Advances in machine learning have recently enabled more accurate computational prediction of peptide chromatographic retention time and fragmentation profiles [6–8], thus creating opportunities to build virtual spectral libraries from predicted spectra to be used in targeted proteomics assays [9,10]. Here we describe an application of MS2 spectrum prediction to assist the generation of PRM assays for detecting alternative protein isoforms in the heart. We first nominated a list of likely-translated non-canonical protein isoforms using a proteogenomics approach we recently described [11,12]. For each alternative peptide, we then generated virtual spectral libraries using an available deep learning tool to predict peptide fragmentation patterns [6] to build detection assays for their detection in the endogenous human heart proteome.
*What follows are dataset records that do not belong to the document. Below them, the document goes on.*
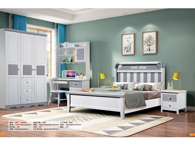 嘻哈年華青少年兒童實木床508#(幸福家庭)灰白
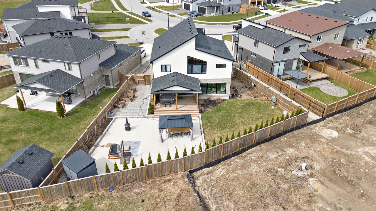 A rare opportunity to own an architecturally striking executive home in one of North Londons most sought-after communities. Set on a premium pie-shaped lot, 2211 Wateroak Drive is a statement of modern elegance, offering a seamless blend of design, comfort, and exclusivity. Floor-to-ceiling windows flood the open-concept main level with natural light, enhancing the airy sophistication of this custom-built residence. A chefs kitchen anchors the heart of the home, featuring high-grade quartz countertops, a waterfall island, upgraded cabinetry, a walk-in pantry, and a dedicated coffee and bar area. The seamless flow between the dining, living, and outdoor spaces makes this home ideal for both grand entertaining and intimate evenings. A striking fireplace with a ceramic tile surround creates a dramatic focal point, while light oak engineered hardwood flooring extends throughout, adding warmth and refinement.The second level is equally breathtaking, with soaring 19-foot vaulted ceilings in the loft, easily convertible into an additional bedroom. Double doors lead to the serene primary suite, complete with an expansive walk-in closet and spa-like ensuite featuring a freestanding tub, oversized glass shower with pebble stone flooring, and a quartz double vanity. Two additional bedrooms, a four-piece bath, and a second-floor laundry room complete the upper level.Designed for outdoor enjoyment, the landscaped backyard is a private retreat. A covered deck extends to a meticulously crafted oasis with stamped concrete, a jacuzzi, custom vegetable boxes, and lush cedars for added privacy. The oversized insulated garage provides ample space, while the unspoiled basement with 9-foot ceilings and oversized windows presents limitless potential. Just minutes from Masonville Place, top-rated schools, and the serene trails of Medway Valley Heritage Forest, this is an exclusive offering in a prime location that seldom becomes available.
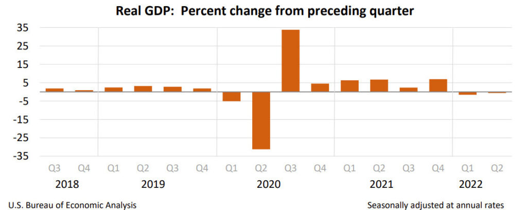 La economía de EEUU se contrajo en los primeros seis meses del año, confirman las cifras revisadas del gobierno, y pintaron una imagen de una economía presionada por todos los frentes. El producto interno bruto, el cuadro de mando oficial de la economía, cayó a un ritmo anual del 0.6% en el segundo trimestre, dijo el jueves la Oficina de Análisis Económico. Eso no ha cambiado desde la estimación anterior.
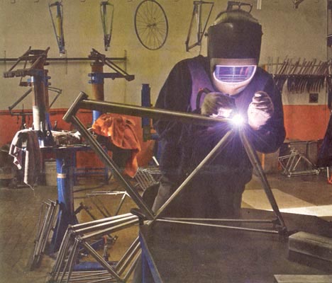 Travail de moine, la soudure des vélos Marinoni en aluminium nécessite un soin méticuleux.

Our results suggest that predictions-aided PRM mass spectrometry can present a viable strategy to detect and verify alternative isoform proteins in the heart.
2. Method Summary
We constructed computation-assisted protein assays using computationally predicted peptide fragmentation spectra. The spectra were predicted using the neural network implemented in Prosit [6]. Collision energy and retention time predictions were calibrated with HeLa cell digest experiment data using data-dependent acquisition (DDA) mass spectrometry. Human adult heart lysate (adult female donor, aged 76 years, no known heart diseases) was purchased from Novus Biologicals. Three technical replicates of shotgun DDA and PRM data were acquired on a Q-Exactive HF mass spectrometer (Thermo) and analyzed using Skyline [13]. Similarly, three biological replicates of AC16 cells data were acquired using PRM. Protein structures 4A7L and 4G1N were retrieved from Protein Data Bank. Details are in Supplementary Methods.
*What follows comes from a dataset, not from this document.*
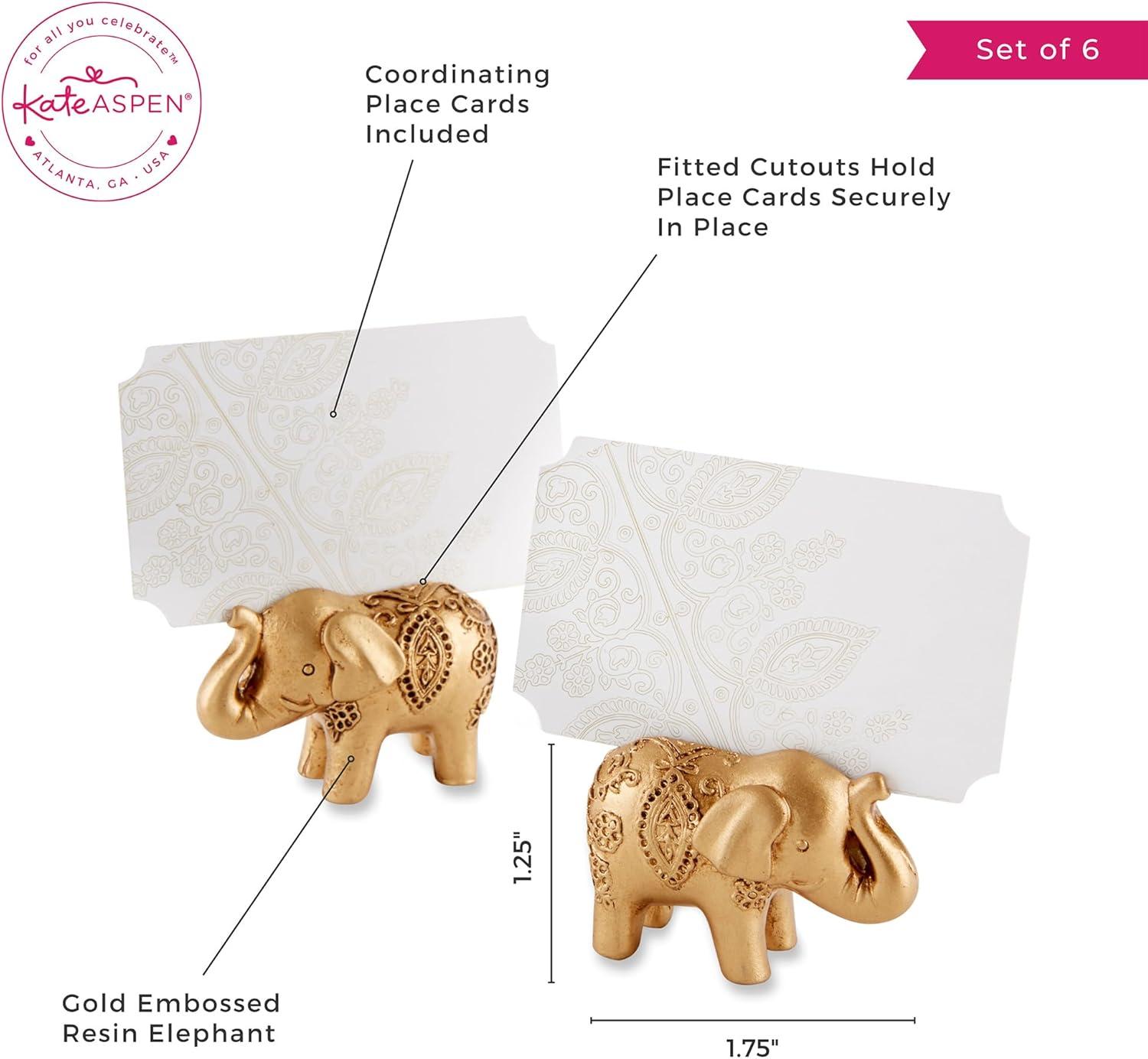 Kate Aspen Lucky Golden Elephant Place Card Holders, Photo Holders, Party Favors, Indian Wedding Decorations, Placecards, Place Setting, (Set of 6)

3. Results and Discussions
3.1. Selecting candidate cardiac alternative isoform peptides.
We recently described a proteogenomics strategy that combines RNA-seq and mass spectrometry to identify translated alternative splicing isoforms [11,12]. The protein isoforms are identified via non-canonical peptides that correspond to isoform-specific exons or exon junctions, such as sequences that span two exons that are non-consecutive in the canonical protein. In a hypothetical protein with 3 exons where the canonical exon 2 is skipped over in a shorter alternative isoform, a peptide segment spanning exon 1 and exon 3 would distinguish the alternative isoform. Using RNA-seq transcript splice junctions to construct a human heart-specific protein database, we reanalyzed three large public human heart shotgun proteomics datasets (PXD006675, PXD000561, PXD010154) to acquire the list of non-canonical peptide candidates. We then filtered this list to include only non-canonical isoform peptides with a 1% peptide false discovery rate (Percolator q-value ≤ 0.01), were ≥9 amino acid long, and had no chemical or enzymatic modifications besides cysteine carbamidomethylation (Supplementary Figure S1). The shortlisted 954 non-canonical peptides belonged to 339 genes that represent likely translated protein isoforms in human hearts (Supplementary Table S1).
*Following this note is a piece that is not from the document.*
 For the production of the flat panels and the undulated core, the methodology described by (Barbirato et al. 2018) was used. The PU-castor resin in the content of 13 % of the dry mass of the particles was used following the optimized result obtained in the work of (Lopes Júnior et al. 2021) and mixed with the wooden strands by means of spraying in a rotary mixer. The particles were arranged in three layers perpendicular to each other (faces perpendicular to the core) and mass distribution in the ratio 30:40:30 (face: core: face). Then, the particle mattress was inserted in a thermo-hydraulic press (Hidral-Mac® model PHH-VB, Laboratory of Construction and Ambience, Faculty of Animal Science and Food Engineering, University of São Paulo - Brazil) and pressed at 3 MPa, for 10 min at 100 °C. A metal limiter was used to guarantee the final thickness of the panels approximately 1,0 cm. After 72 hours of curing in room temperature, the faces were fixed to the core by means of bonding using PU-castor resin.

3.2. Prediction of MS2 spectra using a neural network.
Despite stringent filtering, identifying non-canonical peptides with shotgun proteomics can still be prone to pitfalls including false positive identifications and inconsistent detection across samples. PRM provides a means to verify the peptide sequences that have been discovered from shotgun proteomics and enable their routine detection across multiple samples.; however, as mentioned above, the building of PRM assays commonly relies on chemically synthesized peptide standards, which can be financially prohibitive to procure at scale. We therefore explored an alternative approach to synthetic standards for PRM (Figure 1A). To predict the fragmentation pattern and retention time for each peptide, we utilized a neural network implemented in Prosit to predict MS2 fragmentation patterns and chromatographic retention times of the isoform peptides, after calibrating peptide fragmentation energy and retention time using a complex protein mixture on a local instrument (see Supplementary Methods). The predicted fragmentation spectra of all 954 candidate isoform peptides are shown in Supplementary Table S1 and Supplementary Data S1. On average the predicted spectrum of each sequence has 29 fragments at 1% or more relative intensity (Interquartile range: [21–39] fragments).
Figure 1 |. Computation-Assisted PRM Detection of Protein Alternative Isoforms.
A. Schematic of workflow to build targeted proteomics assays using predicted MS2 spectra. Step 1: candidate translated protein isoform sequences are identified by co-analyzing RNA-seq and shotgun proteomics data. Step 2: a neural network is used to predict fragmentation patterns and retention time of the candidate peptides. Step 3: The predictions are used to build targeted mass spectrometry methods to detect cardiac protein isoforms. B. List of 22 alternative isoform peptides detected in the human heart using parallel reaction monitoring (n=3; technical replicates). Rankings of protein popularity are calculated from citation-weighted publication counts among PubMed papers in each topic.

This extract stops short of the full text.